### Assignment
Reproduce word for word the line holding "Wi-Fi, интернет, холодильник, светильник, фен, вентилятор, плита" and all lines after it in the data, through the end, leaving out pictures.

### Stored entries
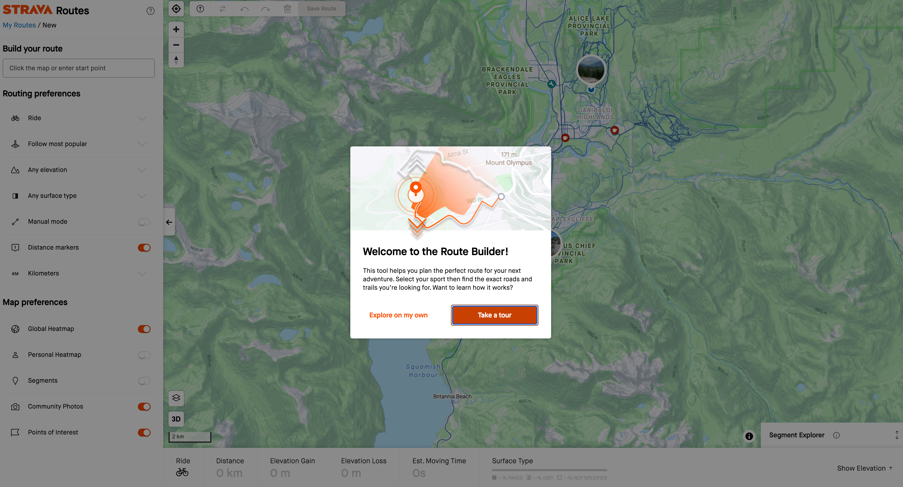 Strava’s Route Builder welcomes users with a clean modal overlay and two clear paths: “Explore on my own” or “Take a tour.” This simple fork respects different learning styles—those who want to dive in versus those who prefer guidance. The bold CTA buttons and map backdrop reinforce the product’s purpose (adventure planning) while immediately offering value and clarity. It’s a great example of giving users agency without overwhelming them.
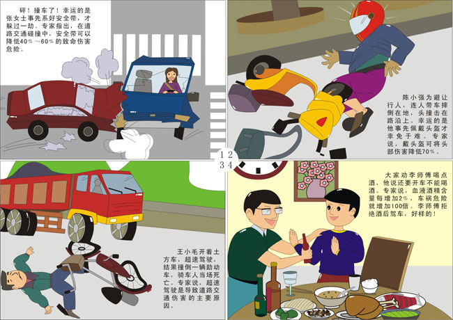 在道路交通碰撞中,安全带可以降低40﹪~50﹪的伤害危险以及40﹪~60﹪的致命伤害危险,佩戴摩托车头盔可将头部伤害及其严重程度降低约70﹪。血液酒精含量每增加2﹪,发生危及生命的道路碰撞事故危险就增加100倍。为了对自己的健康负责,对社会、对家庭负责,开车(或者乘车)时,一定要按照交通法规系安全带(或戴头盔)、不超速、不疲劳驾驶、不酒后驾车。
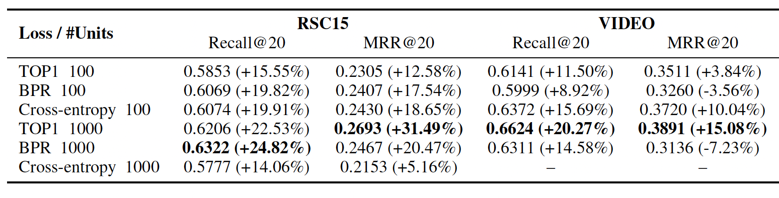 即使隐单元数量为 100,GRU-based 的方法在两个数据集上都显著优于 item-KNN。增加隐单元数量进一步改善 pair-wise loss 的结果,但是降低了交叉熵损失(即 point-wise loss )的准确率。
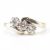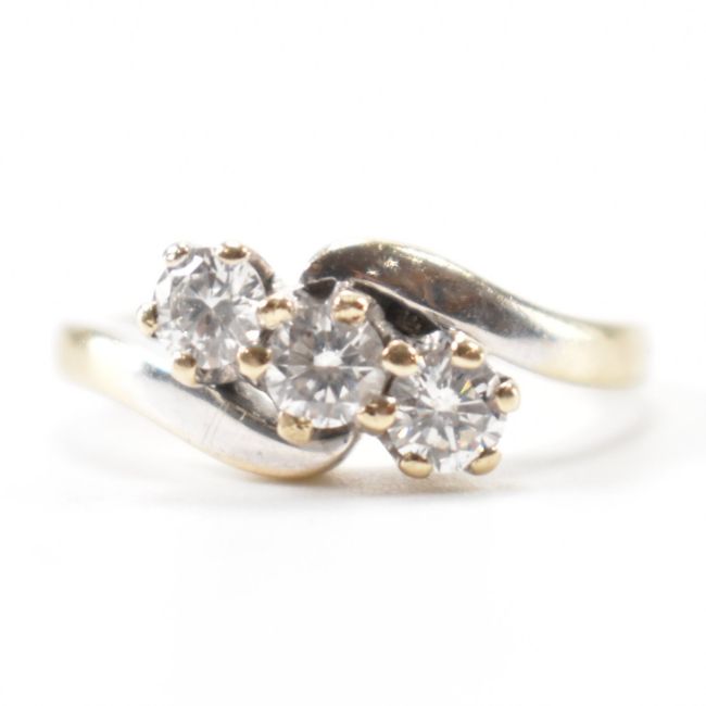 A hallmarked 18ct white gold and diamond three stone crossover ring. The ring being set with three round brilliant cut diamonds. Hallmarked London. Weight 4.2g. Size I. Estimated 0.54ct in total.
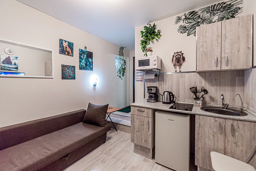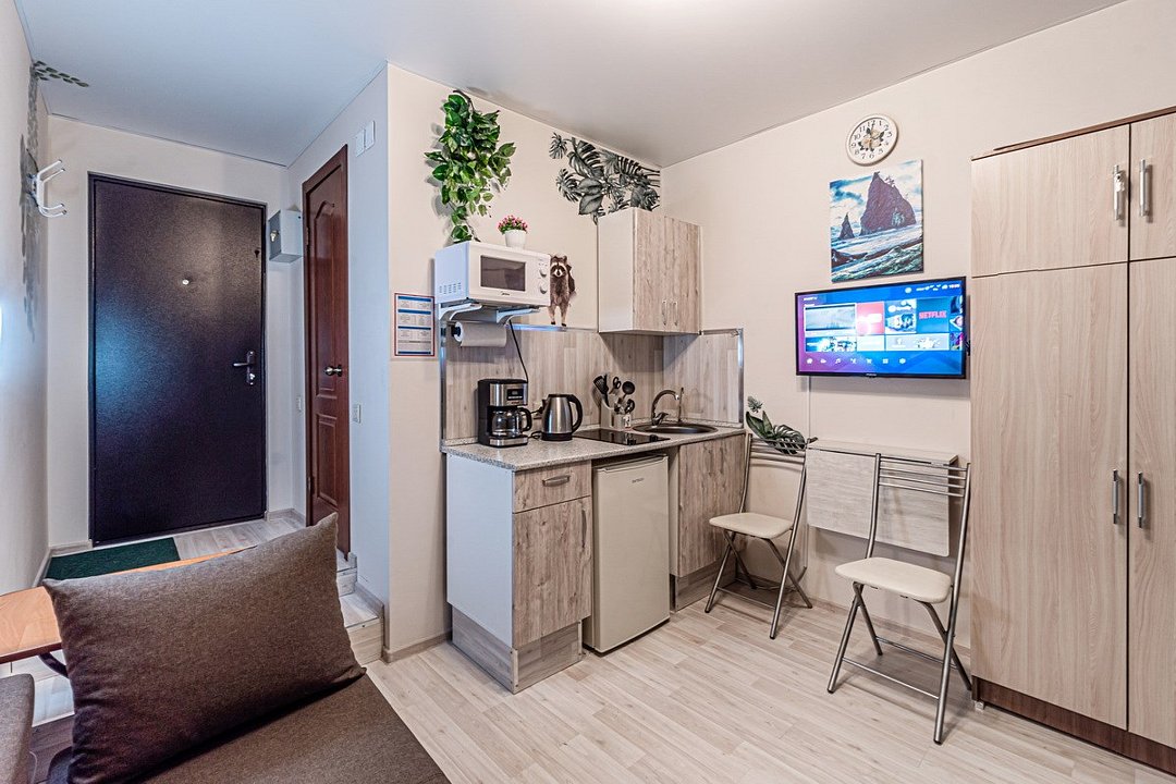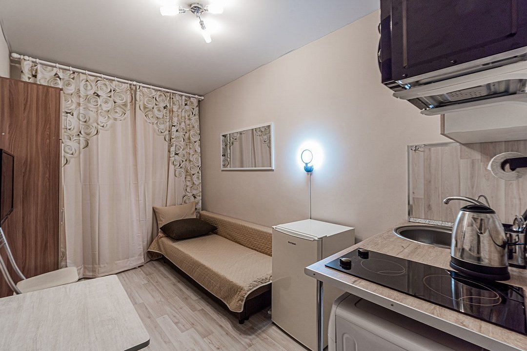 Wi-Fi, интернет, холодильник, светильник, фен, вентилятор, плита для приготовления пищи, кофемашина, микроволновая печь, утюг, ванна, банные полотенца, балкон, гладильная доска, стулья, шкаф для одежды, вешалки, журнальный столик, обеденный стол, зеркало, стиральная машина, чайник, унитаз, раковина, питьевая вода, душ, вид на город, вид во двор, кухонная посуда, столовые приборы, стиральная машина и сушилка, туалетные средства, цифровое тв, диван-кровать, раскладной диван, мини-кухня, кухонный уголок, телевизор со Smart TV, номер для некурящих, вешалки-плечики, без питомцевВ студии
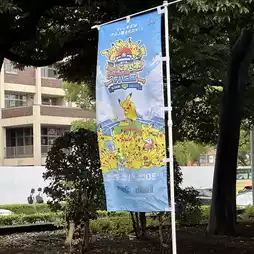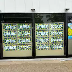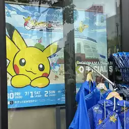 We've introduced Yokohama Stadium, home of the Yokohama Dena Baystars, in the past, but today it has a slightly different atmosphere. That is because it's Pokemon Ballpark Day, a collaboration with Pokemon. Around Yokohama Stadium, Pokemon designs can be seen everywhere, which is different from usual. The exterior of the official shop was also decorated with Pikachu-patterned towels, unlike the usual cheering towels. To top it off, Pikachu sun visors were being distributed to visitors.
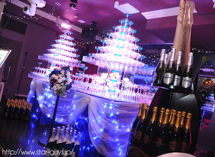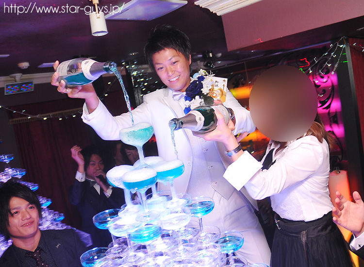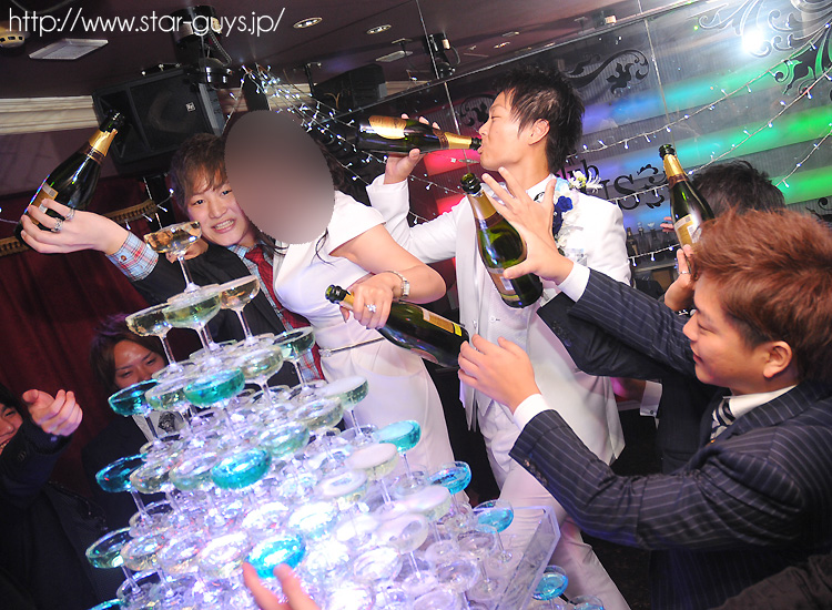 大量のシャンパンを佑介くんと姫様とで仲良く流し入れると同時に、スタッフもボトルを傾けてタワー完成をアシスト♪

### Task response
 Wi-Fi, интернет, холодильник, светильник, фен, вентилятор, плита для приготовления пищи, кофемашина, микроволновая печь, утюг, ванна, банные полотенца, балкон, гладильная доска, стулья, шкаф для одежды, вешалки, журнальный столик, обеденный стол, зеркало, стиральная машина, чайник, унитаз, раковина, питьевая вода, душ, вид на город, вид во двор, кухонная посуда, столовые приборы, стиральная машина и сушилка, туалетные средства, цифровое тв, диван-кровать, раскладной диван, мини-кухня, кухонный уголок, телевизор со Smart TV, номер для некурящих, вешалки-плечики, без питомцевВ студии
 We've introduced Yokohama Stadium, home of the Yokohama Dena Baystars, in the past, but today it has a slightly different atmosphere. That is because it's Pokemon Ballpark Day, a collaboration with Pokemon. Around Yokohama Stadium, Pokemon designs can be seen everywhere, which is different from usual. The exterior of the official shop was also decorated with Pikachu-patterned towels, unlike the usual cheering towels. To top it off, Pikachu sun visors were being distributed to visitors.
 大量のシャンパンを佑介くんと姫様とで仲良く流し入れると同時に、スタッフもボトルを傾けてタワー完成をアシスト♪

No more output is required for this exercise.